Yertle was actually a caricature of Adolf Hitler. Ted described him as ‘a little domineering guy who pushes people around.’ Of course, given the context of the story, Ted utilized Yertle to represent all tyrants and political bullies, but the Nazi leader was Yertle’s direct predecessor.
The concept that ‘maybe all creatures should be free’ now seems like a platitude. But Ted was writing ‘Yertle’ in 1951, just as Brown v. the Board of Education was filed. In that environment, he was challenging readers with his ‘maybe.’
Children are smaller and less powerful and therefore can empathize with creatures and people who are marginalized. Ted believed that children could be introduced to relatively complex moral issues, as long as they didn’t feel sermonized to. A six-year-old who objects to the tyranny of a turtle may grow up into an adult who is willing to protest for racial, religious, and gender equality.
‘Gertrude McFuzz’ and ‘The Big Brag’ share with ‘Yertle’ themes concerning the pitfalls of greed and pride.

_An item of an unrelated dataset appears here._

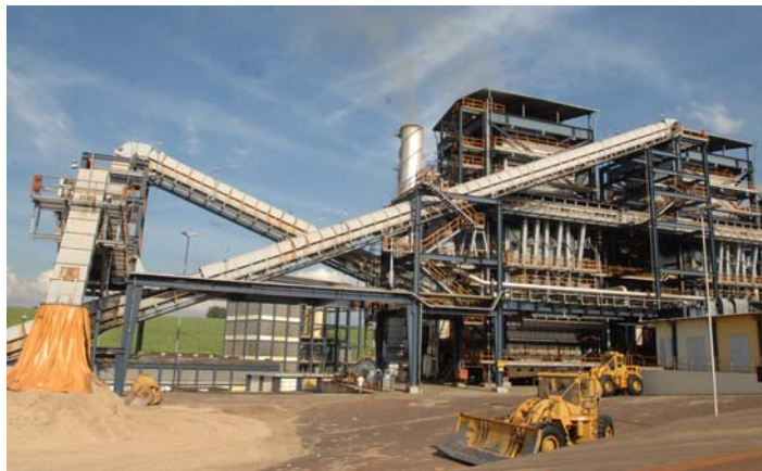
Usina Santa Adélia (SP) movida a biomassa gera, atualmente, cerca de 240 MWh

Um total de 55 projetos de biomassa estão cadastrados para o leilão de reserva, somando potência instalada de 3.518 MW, sendo que a maior parte das usinas inscritas são retrofits , que exigem maior investimento.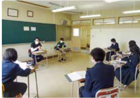
■ 地域で働く人々へのインタビュー

人・地域社会との関わりを大切に、 自分の将来を思い描き、社会で生きていく力を 身につけるためのプログラムです。

That gave me an opportunity to include in the anniversary edition two other similarly themed stories—with two new characters—that Ted did not originally include: ‘The Ruckus’ and ‘The Kindly Snather.’ They haven’t been seen in over 50 years but are delightful and deserving stories in their own right.
The Chase Group currently has a ‘Dr. Seuss For President’ exhibition going. What I love best about it is that Dr. Seuss’s platform is so clear from his work: opposition to nuclear weapons in The Butter Battle Book, protecting the environment in The Lorax, and concern about dictatorships in Yertle the Turtle.”Also of Note
ALLAN MACLEOD CORMACK pioneered the development of the CAT scanner, won the Nobel Prize for Medicine, and taught for 22 years at Tufts. Imagining the Elephant (Imperial College Press) by Christopher L. Vaughan tells his story. The glam teens from Bradford Prep dish and dazzle in Golden Girl (Simon Pulse), the second novel in the young adult series by MICOL OSTOW, J98. Written as a series of blog entries, the book has companion content on Facebook, MySpace, Twitter, and its characters’ personal web pages. JENNA RINGELHEIM, G06, sniffs out the Bay State’s best seaside trails, forest walks, and mountain hikes for outdoor enthusiasts and their canine companions in Best Hikes with Dogs: Boston and Beyond (The Mountaineers Books). To Know Where He Lies: DNA Technology and the Search for Srebrenica’s Missing by SARAH WAGNER, F02, is a powerful account of the cutting-edge technology used to identify 8,000 slaughtered Bosnian Muslims and its impact on the country’s postwar recovery.